▸ **Supplied data**:
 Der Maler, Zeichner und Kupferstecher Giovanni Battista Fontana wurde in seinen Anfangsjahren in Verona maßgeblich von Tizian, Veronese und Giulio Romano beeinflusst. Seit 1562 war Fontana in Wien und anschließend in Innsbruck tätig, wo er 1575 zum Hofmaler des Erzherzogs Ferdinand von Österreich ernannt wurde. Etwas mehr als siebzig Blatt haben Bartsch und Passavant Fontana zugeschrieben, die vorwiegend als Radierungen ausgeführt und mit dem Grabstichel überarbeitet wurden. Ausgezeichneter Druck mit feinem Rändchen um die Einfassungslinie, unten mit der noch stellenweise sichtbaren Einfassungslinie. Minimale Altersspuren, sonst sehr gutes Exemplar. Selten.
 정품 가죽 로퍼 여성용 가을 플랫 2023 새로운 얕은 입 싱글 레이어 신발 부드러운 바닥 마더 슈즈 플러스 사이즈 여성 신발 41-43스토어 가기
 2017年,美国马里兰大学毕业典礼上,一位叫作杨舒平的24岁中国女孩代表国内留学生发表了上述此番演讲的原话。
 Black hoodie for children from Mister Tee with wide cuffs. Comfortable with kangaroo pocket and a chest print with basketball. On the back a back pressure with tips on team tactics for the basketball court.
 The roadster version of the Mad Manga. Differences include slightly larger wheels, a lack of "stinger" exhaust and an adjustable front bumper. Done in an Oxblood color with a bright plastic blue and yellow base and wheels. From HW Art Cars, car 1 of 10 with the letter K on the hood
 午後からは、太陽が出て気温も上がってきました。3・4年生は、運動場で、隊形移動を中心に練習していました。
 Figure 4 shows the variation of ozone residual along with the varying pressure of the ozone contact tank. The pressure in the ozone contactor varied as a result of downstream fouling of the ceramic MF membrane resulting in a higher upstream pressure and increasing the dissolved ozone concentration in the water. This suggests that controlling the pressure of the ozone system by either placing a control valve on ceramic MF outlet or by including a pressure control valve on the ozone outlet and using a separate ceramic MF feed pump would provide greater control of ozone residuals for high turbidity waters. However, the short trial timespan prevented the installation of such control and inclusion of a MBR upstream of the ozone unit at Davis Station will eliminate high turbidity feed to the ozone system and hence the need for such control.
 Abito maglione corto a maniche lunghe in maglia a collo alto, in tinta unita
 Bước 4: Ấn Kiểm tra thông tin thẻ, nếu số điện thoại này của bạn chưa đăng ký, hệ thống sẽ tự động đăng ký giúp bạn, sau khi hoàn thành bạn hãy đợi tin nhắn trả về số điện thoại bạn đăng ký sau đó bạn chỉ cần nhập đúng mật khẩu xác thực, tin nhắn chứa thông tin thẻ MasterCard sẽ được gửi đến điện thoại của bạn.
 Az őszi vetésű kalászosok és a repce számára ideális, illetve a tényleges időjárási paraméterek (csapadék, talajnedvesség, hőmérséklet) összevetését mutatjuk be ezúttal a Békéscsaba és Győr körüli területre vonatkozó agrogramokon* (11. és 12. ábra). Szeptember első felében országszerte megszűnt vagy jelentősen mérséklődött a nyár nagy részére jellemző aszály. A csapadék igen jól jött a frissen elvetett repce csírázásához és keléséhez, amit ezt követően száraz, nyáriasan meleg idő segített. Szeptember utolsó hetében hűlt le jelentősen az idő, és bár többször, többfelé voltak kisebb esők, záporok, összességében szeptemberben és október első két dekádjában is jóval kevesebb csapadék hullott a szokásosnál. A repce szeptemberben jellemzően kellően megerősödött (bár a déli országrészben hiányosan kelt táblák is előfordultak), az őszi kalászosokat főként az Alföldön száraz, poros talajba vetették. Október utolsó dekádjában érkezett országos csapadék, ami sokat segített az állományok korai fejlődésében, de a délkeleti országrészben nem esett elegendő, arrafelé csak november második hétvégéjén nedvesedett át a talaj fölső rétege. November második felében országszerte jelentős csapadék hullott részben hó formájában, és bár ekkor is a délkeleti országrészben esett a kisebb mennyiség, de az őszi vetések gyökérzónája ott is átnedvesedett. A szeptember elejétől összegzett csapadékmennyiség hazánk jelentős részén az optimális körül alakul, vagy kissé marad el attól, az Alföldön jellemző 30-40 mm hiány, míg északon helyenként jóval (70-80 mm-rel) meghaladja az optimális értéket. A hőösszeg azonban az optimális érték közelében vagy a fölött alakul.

▸ **Activity**: Given the data above, transcribe exactly the lines from the one containing "2017年,美国马里兰大学毕" down to the one containing "Bước 4: Ấn Kiểm", and no others.

▸ **Solution for this problem**:
 2017年,美国马里兰大学毕业典礼上,一位叫作杨舒平的24岁中国女孩代表国内留学生发表了上述此番演讲的原话。
 Black hoodie for children from Mister Tee with wide cuffs. Comfortable with kangaroo pocket and a chest print with basketball. On the back a back pressure with tips on team tactics for the basketball court.
 The roadster version of the Mad Manga. Differences include slightly larger wheels, a lack of "stinger" exhaust and an adjustable front bumper. Done in an Oxblood color with a bright plastic blue and yellow base and wheels. From HW Art Cars, car 1 of 10 with the letter K on the hood
 午後からは、太陽が出て気温も上がってきました。3・4年生は、運動場で、隊形移動を中心に練習していました。
 Figure 4 shows the variation of ozone residual along with the varying pressure of the ozone contact tank. The pressure in the ozone contactor varied as a result of downstream fouling of the ceramic MF membrane resulting in a higher upstream pressure and increasing the dissolved ozone concentration in the water. This suggests that controlling the pressure of the ozone system by either placing a control valve on ceramic MF outlet or by including a pressure control valve on the ozone outlet and using a separate ceramic MF feed pump would provide greater control of ozone residuals for high turbidity waters. However, the short trial timespan prevented the installation of such control and inclusion of a MBR upstream of the ozone unit at Davis Station will eliminate high turbidity feed to the ozone system and hence the need for such control.
 Abito maglione corto a maniche lunghe in maglia a collo alto, in tinta unita
 Bước 4: Ấn Kiểm tra thông tin thẻ, nếu số điện thoại này của bạn chưa đăng ký, hệ thống sẽ tự động đăng ký giúp bạn, sau khi hoàn thành bạn hãy đợi tin nhắn trả về số điện thoại bạn đăng ký sau đó bạn chỉ cần nhập đúng mật khẩu xác thực, tin nhắn chứa thông tin thẻ MasterCard sẽ được gửi đến điện thoại của bạn.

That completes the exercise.